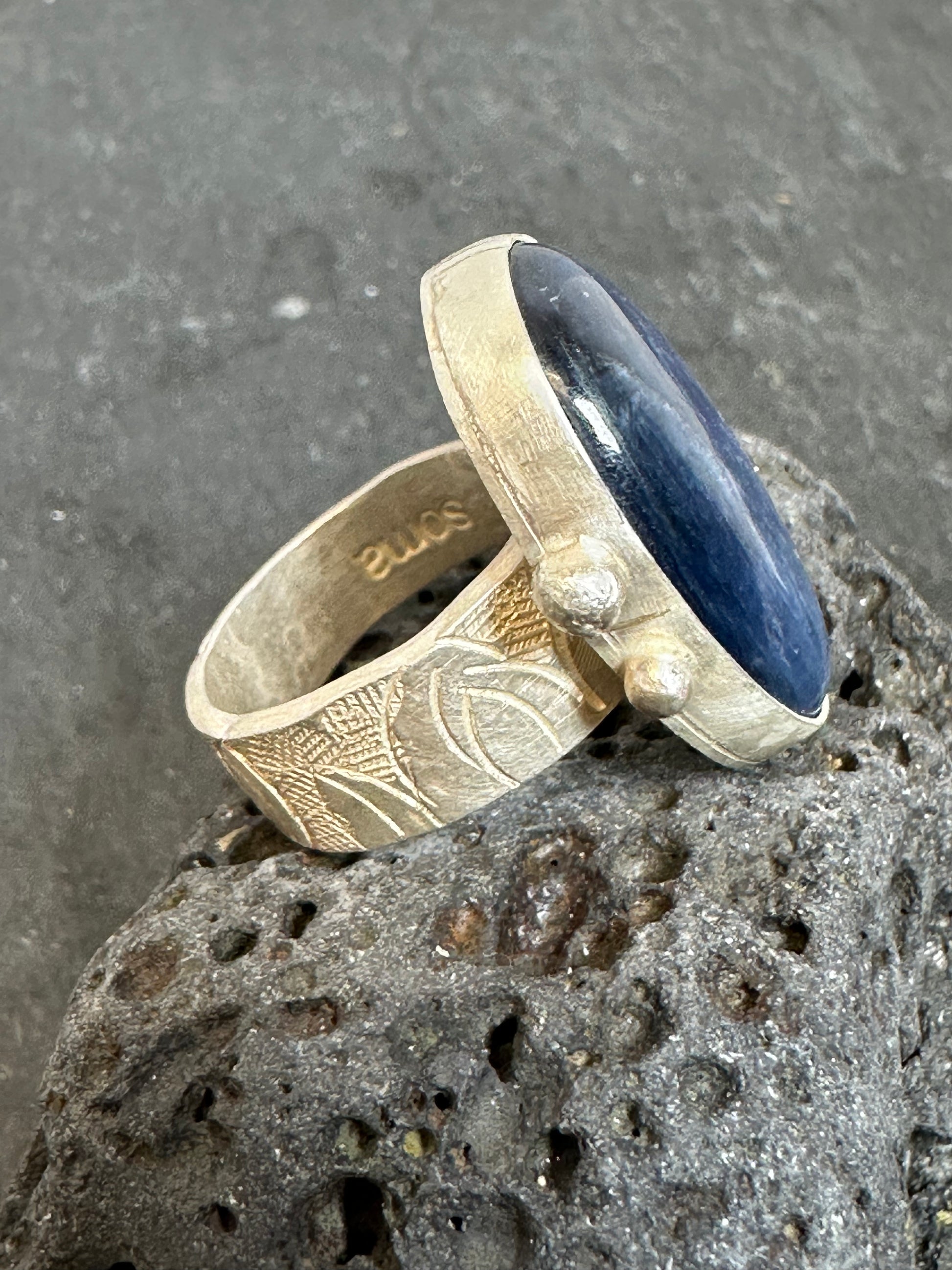 Traditional Tibetan silver technique , hand hammered on fine silver. Adjustable ring that fit most finger size.
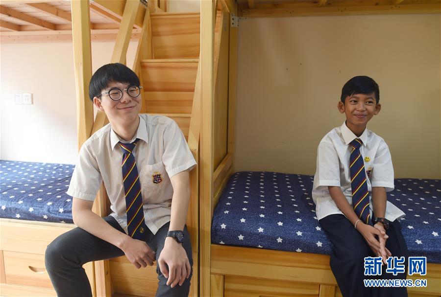 5月29日,沙利(右)和同班同学、一名来自韩国的留学生在宿舍里。 14岁的柬埔寨少年沙利是一名“网红”。2018年11月,家境贫寒的他在吴哥窟附近用10多种不同语言兜售旅游纪念品的视频,经网络传播后引发广泛关注。出众的语言天赋改变了沙利的命运,受益于一家中国民办教育机构的“一带一路”国际英才留学中国公益项目,今年5月中旬,沙利来到位于浙江省诸暨市的海亮外国语学校,开始在中国的求学生活。 “现在的学校太漂亮了,我想以后去北京上大学!”沙利对新的学习和生活环境充满期待。沙利的高中、大学及后续求学费用将由学校持续资助,来自柬埔寨的贫困少年将在中国开启圆梦之旅。 新华社记者 韩传号 摄
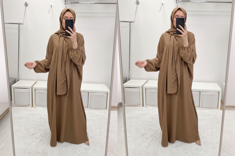 Simple and classy. Love our Rehma prayer abaya with the attached scarf.
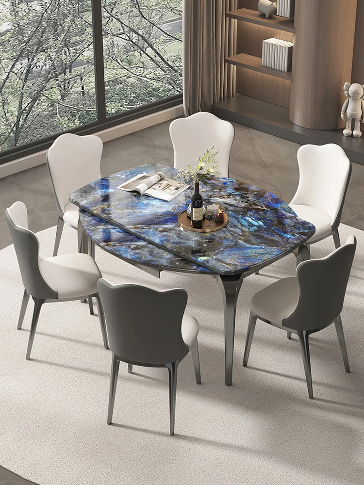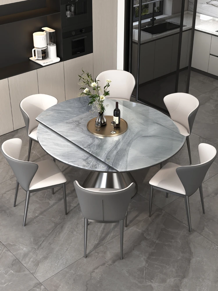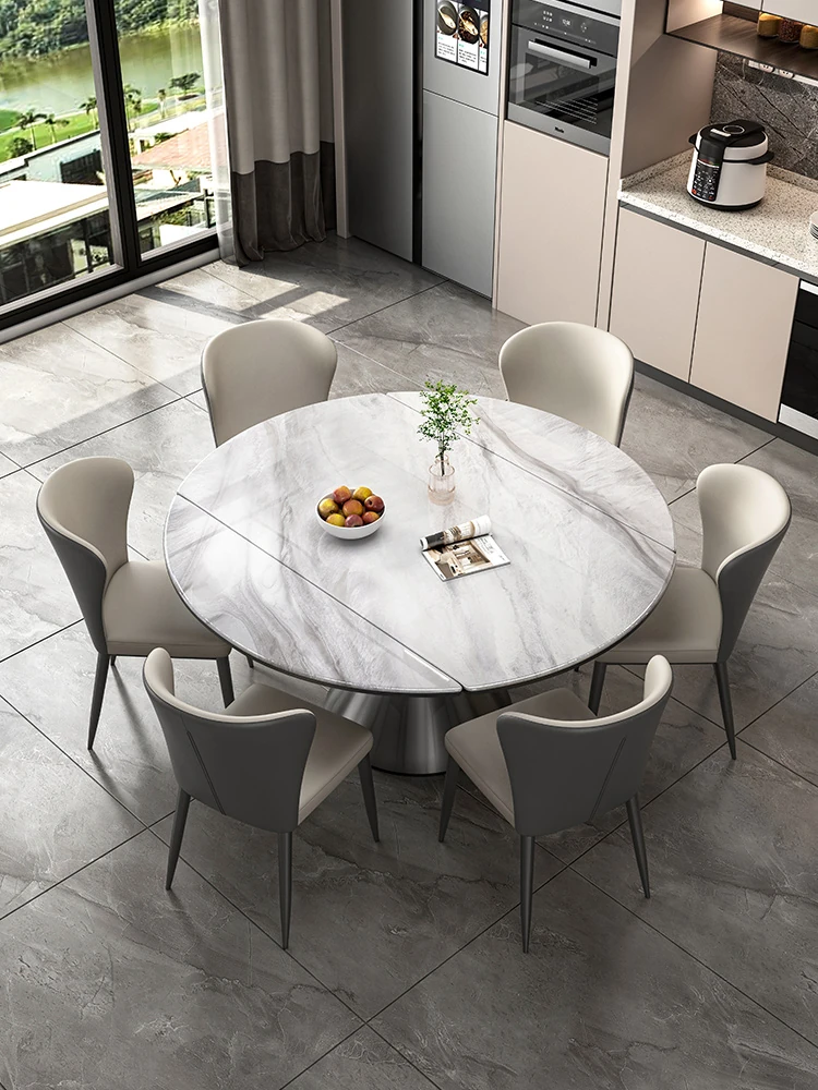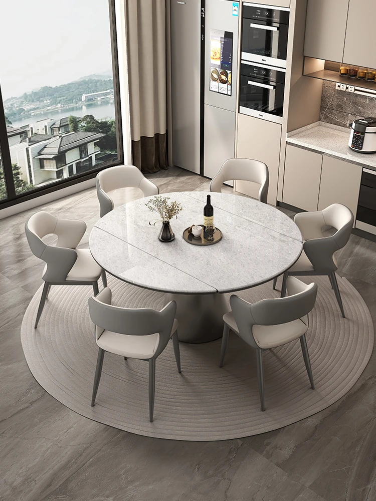 Expandable Microcrystal Stone Dining Table with Natural Marble - Elegant Round Design for Home Use, Featuring Minimalist Luxury Style with Premium Dining Chair Set - New Arrival
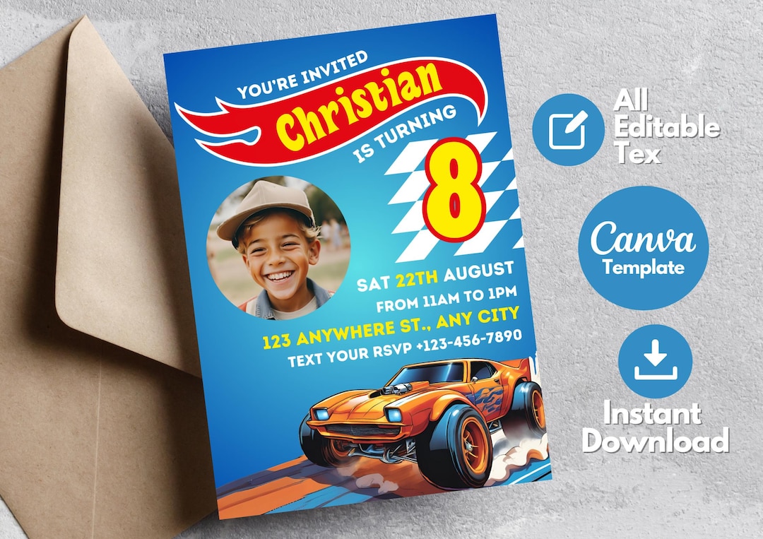 Editable Race Car Invitation Template Printable Toy Car Birthday
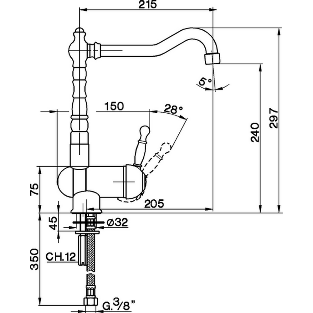 Смеситель для кухни Cisal Arcana Royal AY00153021 высокий излив хром - купить в интернет-магазине Орегон с доставкой в регионы Крыма.

Problem requirements = Only the lines from the first line of the listing above through the line with "新华社记者 韩传号 摄" should be set down, exactly and without pictures.

Response box =
 Traditional Tibetan silver technique , hand hammered on fine silver. Adjustable ring that fit most finger size.
 5月29日,沙利(右)和同班同学、一名来自韩国的留学生在宿舍里。 14岁的柬埔寨少年沙利是一名“网红”。2018年11月,家境贫寒的他在吴哥窟附近用10多种不同语言兜售旅游纪念品的视频,经网络传播后引发广泛关注。出众的语言天赋改变了沙利的命运,受益于一家中国民办教育机构的“一带一路”国际英才留学中国公益项目,今年5月中旬,沙利来到位于浙江省诸暨市的海亮外国语学校,开始在中国的求学生活。 “现在的学校太漂亮了,我想以后去北京上大学!”沙利对新的学习和生活环境充满期待。沙利的高中、大学及后续求学费用将由学校持续资助,来自柬埔寨的贫困少年将在中国开启圆梦之旅。 新华社记者 韩传号 摄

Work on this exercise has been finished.